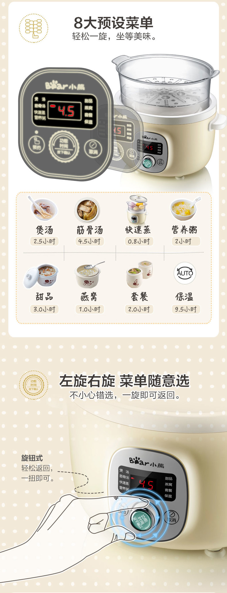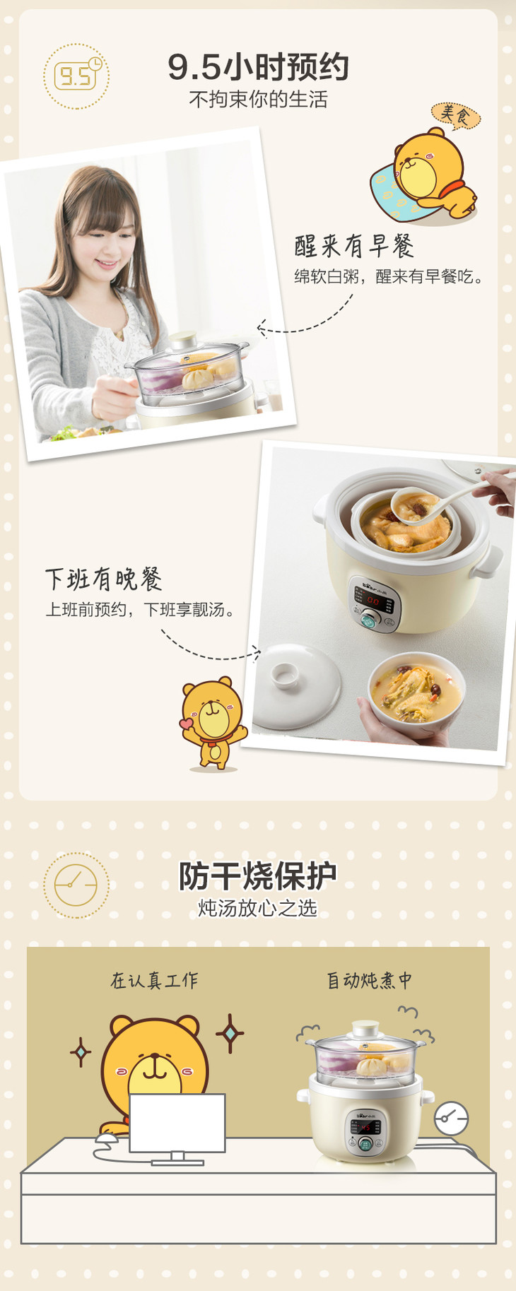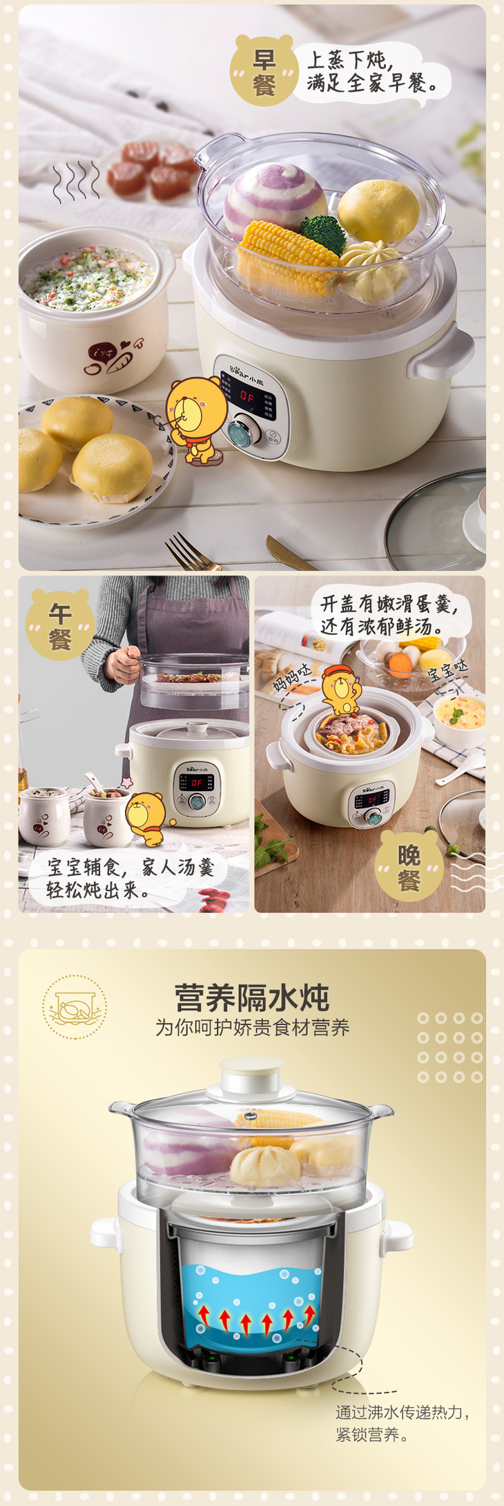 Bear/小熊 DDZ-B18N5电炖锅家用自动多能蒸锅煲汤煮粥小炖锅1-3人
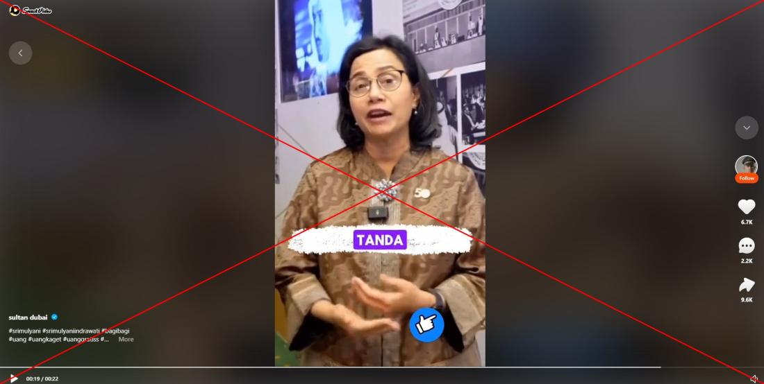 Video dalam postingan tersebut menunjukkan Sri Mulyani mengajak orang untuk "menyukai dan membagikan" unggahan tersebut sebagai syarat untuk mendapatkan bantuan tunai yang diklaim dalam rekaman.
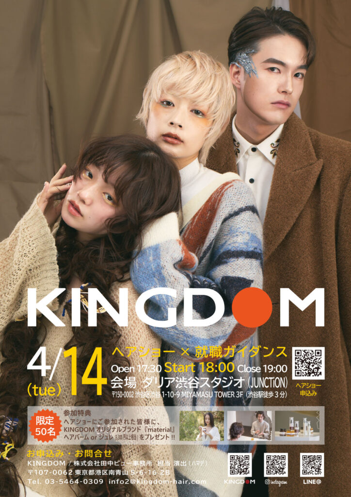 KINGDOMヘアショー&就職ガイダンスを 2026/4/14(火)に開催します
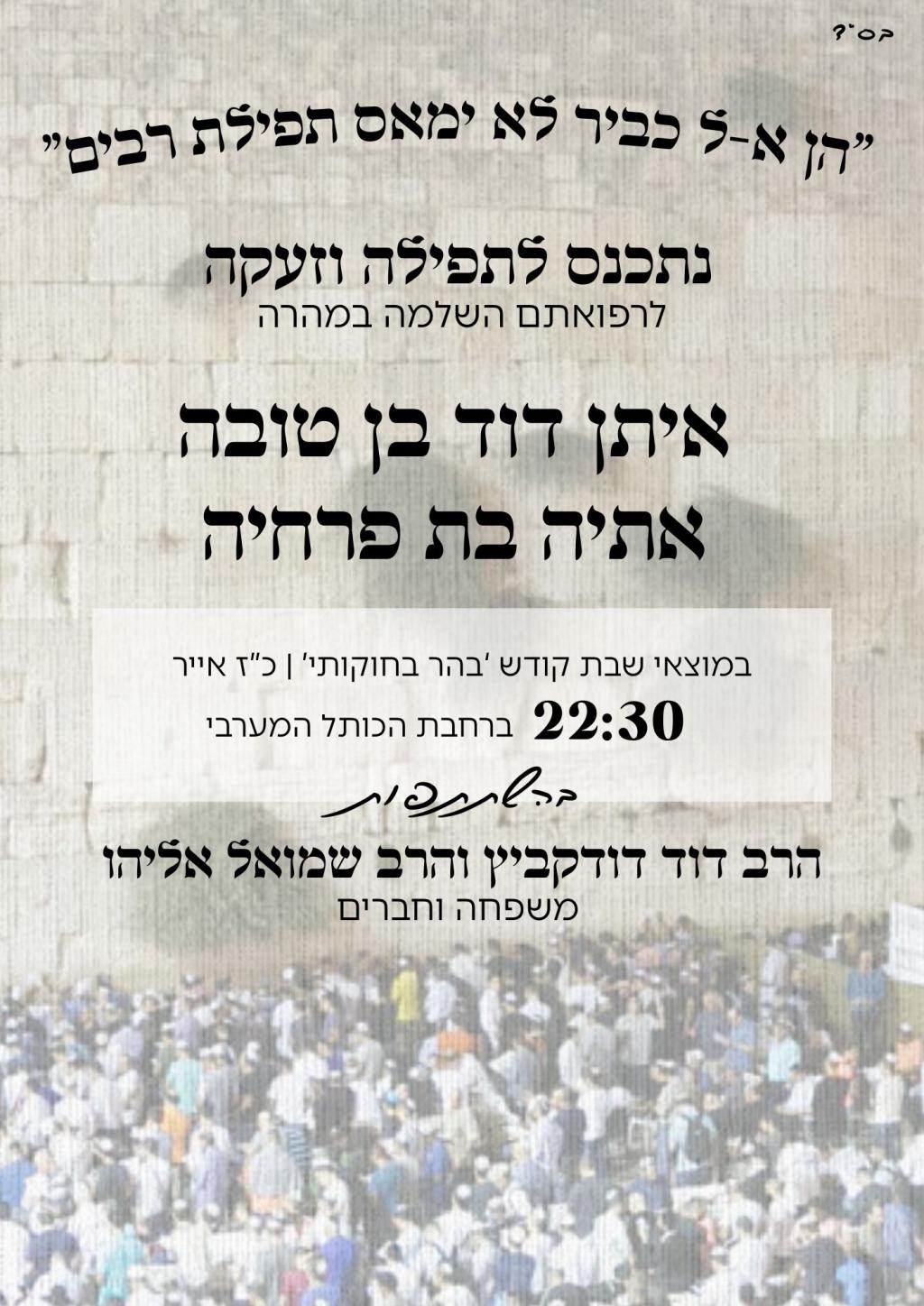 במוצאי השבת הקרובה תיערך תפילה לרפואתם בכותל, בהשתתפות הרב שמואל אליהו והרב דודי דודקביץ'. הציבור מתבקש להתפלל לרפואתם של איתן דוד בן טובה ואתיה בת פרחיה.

══════════════════════════════

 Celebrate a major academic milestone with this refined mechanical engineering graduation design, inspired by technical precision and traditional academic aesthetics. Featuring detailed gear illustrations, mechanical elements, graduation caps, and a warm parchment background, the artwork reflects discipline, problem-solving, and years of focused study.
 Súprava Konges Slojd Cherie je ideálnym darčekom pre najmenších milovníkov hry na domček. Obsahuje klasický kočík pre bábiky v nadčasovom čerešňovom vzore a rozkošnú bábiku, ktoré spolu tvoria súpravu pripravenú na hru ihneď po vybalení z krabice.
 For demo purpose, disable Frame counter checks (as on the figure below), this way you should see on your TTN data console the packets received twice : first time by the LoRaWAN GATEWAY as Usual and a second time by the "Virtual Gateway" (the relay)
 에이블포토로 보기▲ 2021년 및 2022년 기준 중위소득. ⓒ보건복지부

══════════════════════════════

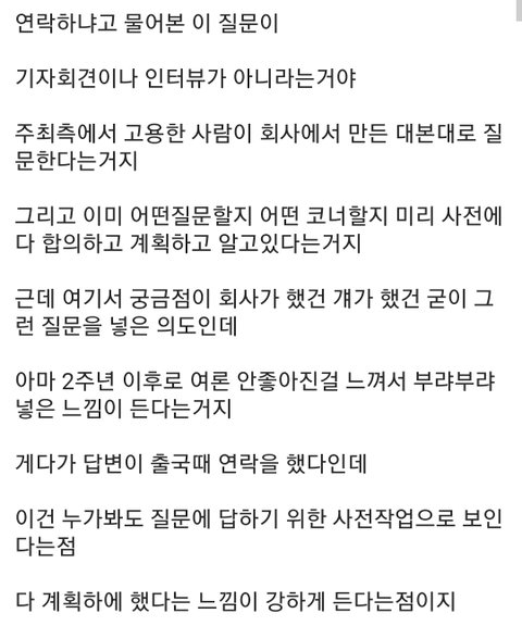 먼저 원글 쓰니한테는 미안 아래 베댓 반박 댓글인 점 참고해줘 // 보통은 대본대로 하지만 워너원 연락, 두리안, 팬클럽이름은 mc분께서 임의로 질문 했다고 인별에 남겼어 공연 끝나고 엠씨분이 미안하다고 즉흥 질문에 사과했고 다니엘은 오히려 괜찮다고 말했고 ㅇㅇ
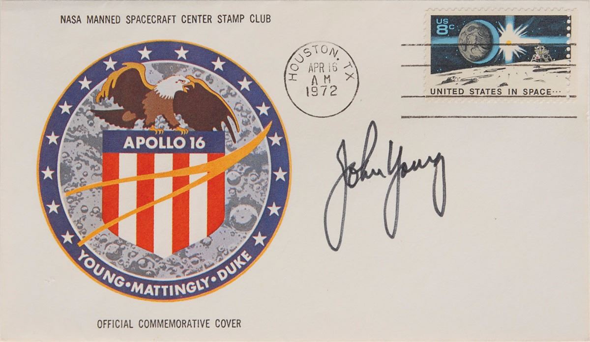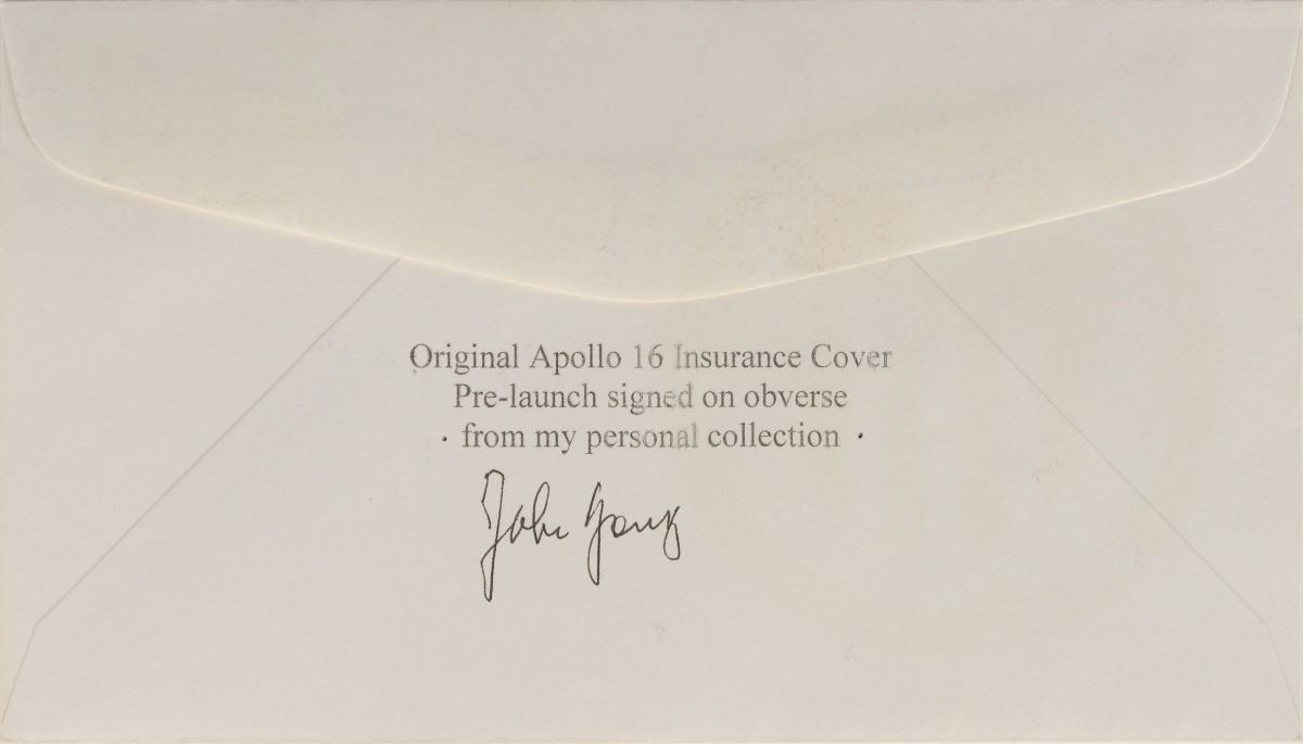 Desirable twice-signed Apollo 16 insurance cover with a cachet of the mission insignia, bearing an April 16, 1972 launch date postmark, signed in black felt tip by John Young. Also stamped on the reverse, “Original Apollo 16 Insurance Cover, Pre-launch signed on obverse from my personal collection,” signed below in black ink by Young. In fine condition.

══════════════════════════════

→ **WHAT YOU ARE ASKED TO DO**
Check each line of the listing for the word "this" and state how many lines contain it, with no other words.

→ **TASK RESULT**
2